Giving Thanks: Sara Says

It’s always really awkward because I’m totally the type of person to be like, “you shouldn’t love your significant other only on Valentine’s Day,” or “you shouldn’t care about the environment only on Earth Day,” or, more timely, “you shouldn’t be thankful for things only on Thanksgiving.”

Because I guess it’s probably true. We should be thankful every day, not just the day we obscenely indulge ourselves with turkey and mashed potatoes.

Nevertheless, I’m going to give thanks while I sit with my family around the dining room table, and I’m going to give thanks here.

And I’m going to try not to bore you with all of the I’m thankful for my family and my pets and my house and the fact that my dad pays the heating bill during the winter so my toes don’t fall off due to the cold clichés. Because what I’m thankful for this year (in contrast with last year’s thanks being given to the TV show Friends) is my college education.

So, maybe it’s kind of a cliché, but it’s the last time I get to use that cliché, so I’m going to give it all it’s got.

College is the best because I live in an apartment with my five best friends and because it’s socially acceptable to lie in my bed all day and watch Netflix and because I have this charmingly young adult ability to avoid responsibilities. But it’s also the best because, I go here, Assumption College, and the things I’ve gotten out of it I don’t think I could’ve ever ILLexpected.

Whenever I think about how grateful I am for the fact that I go to this school, I just think about the fact that I’ve been given the chance to write a senior honors thesis—even though it doesn’t feel like much of a blessing when I see on my to-do list that I have to force myself to write seven or eight pages that day, or when I have to deal with the fact that I literally have no place to store all of the Interlibrary Loans I have in my room.

But when the sheer mass of work I have to do on my project starts to pile up on me, I just ask myself: When is the next time I’m going to be able to dedicate an entire semester to studying the way Disney is a propaganda machine and represents the way we conduct foreign relations?

I can answer that question real quick: Never.

And then I just smile at the fact that I’m so unbelievably fortunate that my course load has made room for me to do this and that I have faculty who support me in this endeavor (shout out to Dr. Kisatsky for advising this thing) and that I’ve had the time and the means to flesh this project out into something so much more than proving that Disney movies perpetuate stereotypes.

And even if I weren’t writing my thesis, the simple fact that I just go to school here at Assumption is enough to be thankful for.

A little story: When I was a senior in high school, all of my friends were the absurd hipster geniuses that you all probably didn’t pay much attention to because all they spent their time doing was computer code and going to Passion Pit concerts.
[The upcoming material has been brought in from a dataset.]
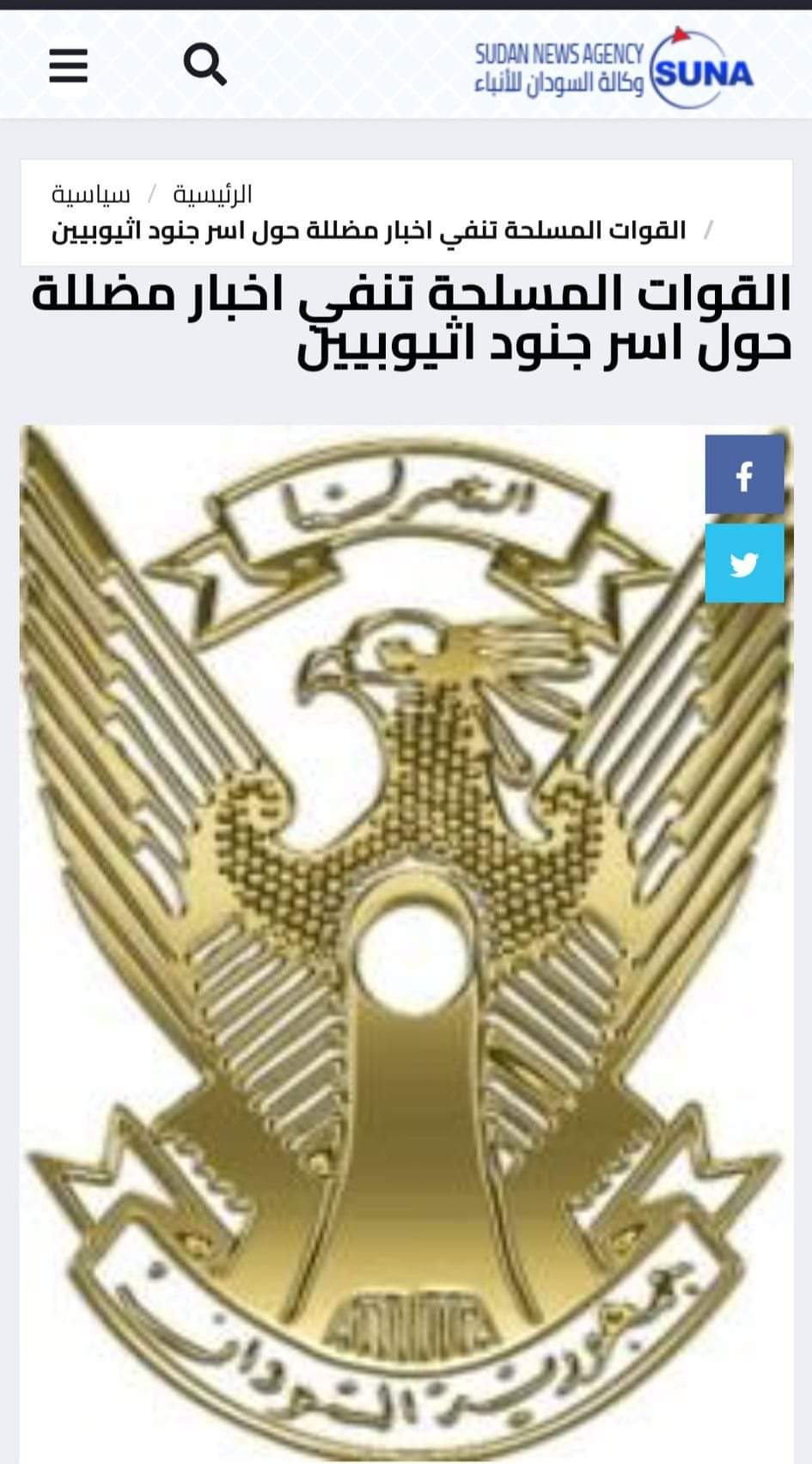 القوات المسلحة تنفي اخبار مضللة حول اسر جنود اثيوبيين “ “በተለያዩ ሳቴላይት ቻናሎች ድረገፆች ስለ አልፋሽቃ ስለ ሱዳን መከላከያ እና በምስራቅ ድንበር የኢትዮጵያ ወታደሮች ቤተሰቦችን

It wasn’t very easy to feel good about myself by the time college acceptance letters started to come out.

Don’t get me wrong, I know Assumption is a great school, I understand (all too well, actually) that a lot of upper echelon schools nowadays are just getting you to buy the name at the top of your degree. I get it.

But my best friend goes to Columbia University in New York City. Someone else goes to Duke University. My other friend goes to Tufts University. Another goes to Yale University.

ivy league

So it’s more than understandable that their acceptance letters made mine feel, well… Sub-flippin-par.

But now, four years later, I’m sitting in my room in five men, and guess what? I’m working on a really cool project for school. I’m writing a column as the Assistant Editor-in-Chief for my school’s newspaper. I’m planning my work around learning my dance team’s nationals routine this weekend. I smiled today, which is way more than I can say for Columbia or Duke or Yale.

And this all has everything to do with the fact that the kids at Assumption are good people and my professors actually guide me toward success instead of grading on an impossible asscocurve. My worry of getting a job over the person sitting next to me is non-existent. It has everything to do with the fact that Assumption is a pretty awesome place.

So there. That’s what I’m thankful for.

Assumption and all of its awesomeness.